## TRY IT:
Repeat all entries word for word; skip images.

## RECORDS FOR THE TASK:
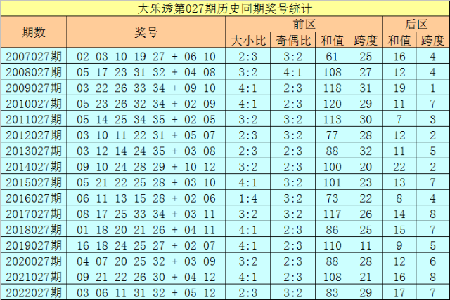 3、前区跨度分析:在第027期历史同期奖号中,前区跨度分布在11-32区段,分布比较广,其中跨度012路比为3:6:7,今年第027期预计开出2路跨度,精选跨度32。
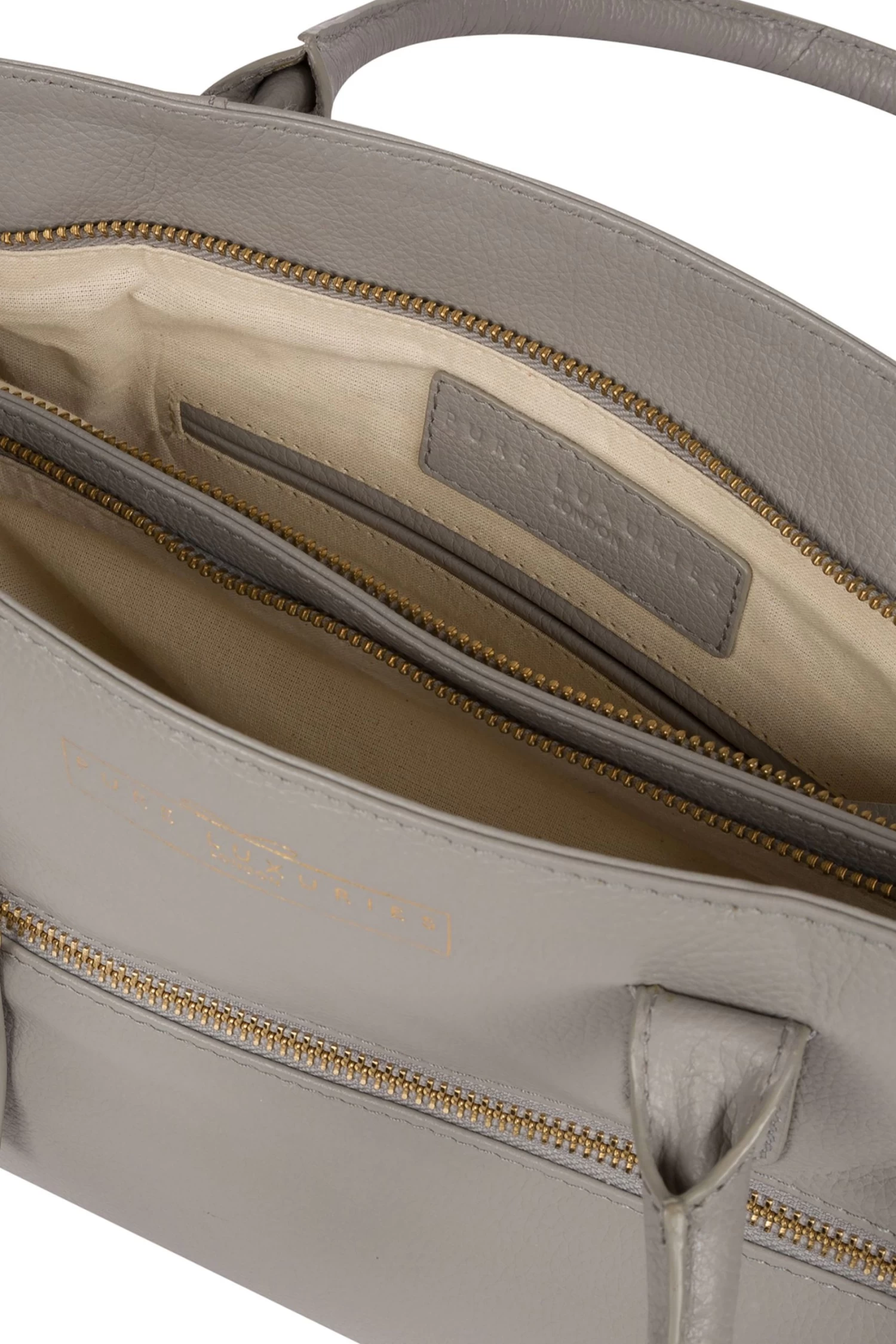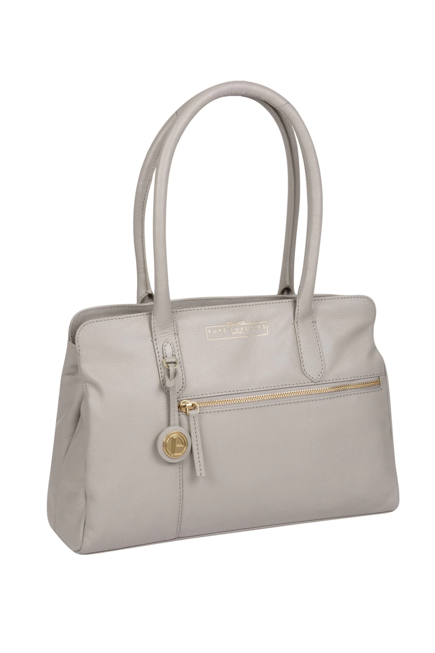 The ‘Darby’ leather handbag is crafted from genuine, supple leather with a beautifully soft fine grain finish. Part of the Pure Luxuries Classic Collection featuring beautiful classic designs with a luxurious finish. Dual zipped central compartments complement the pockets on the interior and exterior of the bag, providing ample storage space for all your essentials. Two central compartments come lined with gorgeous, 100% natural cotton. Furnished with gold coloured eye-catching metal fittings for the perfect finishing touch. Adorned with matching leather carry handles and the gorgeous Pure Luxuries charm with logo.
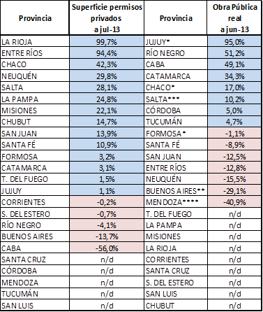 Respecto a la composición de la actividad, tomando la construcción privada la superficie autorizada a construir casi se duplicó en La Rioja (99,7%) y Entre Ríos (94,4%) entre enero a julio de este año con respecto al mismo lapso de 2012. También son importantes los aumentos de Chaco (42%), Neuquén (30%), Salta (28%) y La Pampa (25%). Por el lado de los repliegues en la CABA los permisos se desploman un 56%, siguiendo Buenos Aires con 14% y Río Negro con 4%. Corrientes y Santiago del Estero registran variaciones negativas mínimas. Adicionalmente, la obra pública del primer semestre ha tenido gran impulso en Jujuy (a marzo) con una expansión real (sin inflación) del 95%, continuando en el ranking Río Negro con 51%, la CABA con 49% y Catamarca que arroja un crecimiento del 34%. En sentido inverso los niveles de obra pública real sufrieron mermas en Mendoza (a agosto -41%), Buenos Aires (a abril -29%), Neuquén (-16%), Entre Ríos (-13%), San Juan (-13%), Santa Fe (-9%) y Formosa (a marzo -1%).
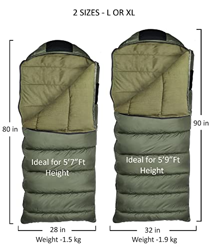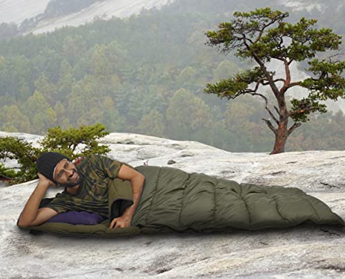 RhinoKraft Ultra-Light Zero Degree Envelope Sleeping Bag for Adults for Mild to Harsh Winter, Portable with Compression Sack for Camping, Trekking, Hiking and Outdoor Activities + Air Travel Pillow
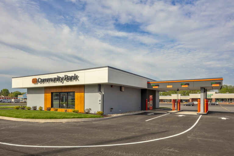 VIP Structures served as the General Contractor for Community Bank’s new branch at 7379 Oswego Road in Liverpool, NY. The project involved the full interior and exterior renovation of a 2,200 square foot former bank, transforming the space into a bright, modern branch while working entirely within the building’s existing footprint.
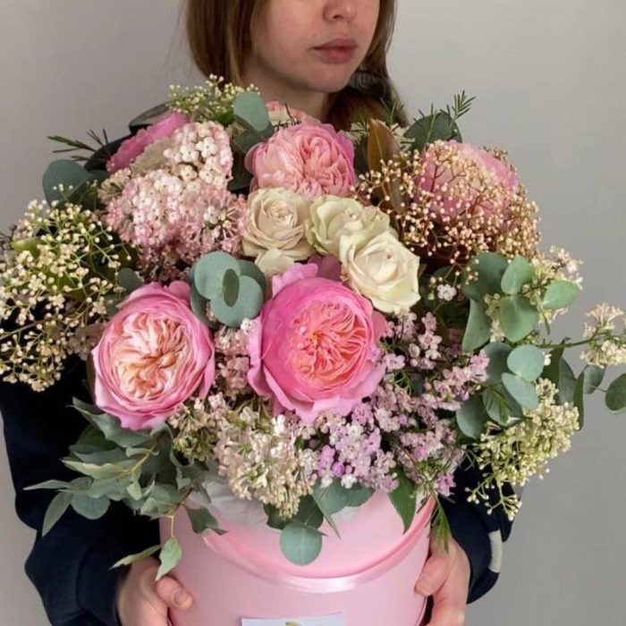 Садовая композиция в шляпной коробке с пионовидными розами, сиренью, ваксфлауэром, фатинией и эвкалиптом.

## RESPONSE BOX:
 3、前区跨度分析:在第027期历史同期奖号中,前区跨度分布在11-32区段,分布比较广,其中跨度012路比为3:6:7,今年第027期预计开出2路跨度,精选跨度32。
 The ‘Darby’ leather handbag is crafted from genuine, supple leather with a beautifully soft fine grain finish. Part of the Pure Luxuries Classic Collection featuring beautiful classic designs with a luxurious finish. Dual zipped central compartments complement the pockets on the interior and exterior of the bag, providing ample storage space for all your essentials. Two central compartments come lined with gorgeous, 100% natural cotton. Furnished with gold coloured eye-catching metal fittings for the perfect finishing touch. Adorned with matching leather carry handles and the gorgeous Pure Luxuries charm with logo.
 Respecto a la composición de la actividad, tomando la construcción privada la superficie autorizada a construir casi se duplicó en La Rioja (99,7%) y Entre Ríos (94,4%) entre enero a julio de este año con respecto al mismo lapso de 2012. También son importantes los aumentos de Chaco (42%), Neuquén (30%), Salta (28%) y La Pampa (25%). Por el lado de los repliegues en la CABA los permisos se desploman un 56%, siguiendo Buenos Aires con 14% y Río Negro con 4%. Corrientes y Santiago del Estero registran variaciones negativas mínimas. Adicionalmente, la obra pública del primer semestre ha tenido gran impulso en Jujuy (a marzo) con una expansión real (sin inflación) del 95%, continuando en el ranking Río Negro con 51%, la CABA con 49% y Catamarca que arroja un crecimiento del 34%. En sentido inverso los niveles de obra pública real sufrieron mermas en Mendoza (a agosto -41%), Buenos Aires (a abril -29%), Neuquén (-16%), Entre Ríos (-13%), San Juan (-13%), Santa Fe (-9%) y Formosa (a marzo -1%).
 RhinoKraft Ultra-Light Zero Degree Envelope Sleeping Bag for Adults for Mild to Harsh Winter, Portable with Compression Sack for Camping, Trekking, Hiking and Outdoor Activities + Air Travel Pillow
 VIP Structures served as the General Contractor for Community Bank’s new branch at 7379 Oswego Road in Liverpool, NY. The project involved the full interior and exterior renovation of a 2,200 square foot former bank, transforming the space into a bright, modern branch while working entirely within the building’s existing footprint.
 Садовая композиция в шляпной коробке с пионовидными розами, сиренью, ваксфлауэром, фатинией и эвкалиптом.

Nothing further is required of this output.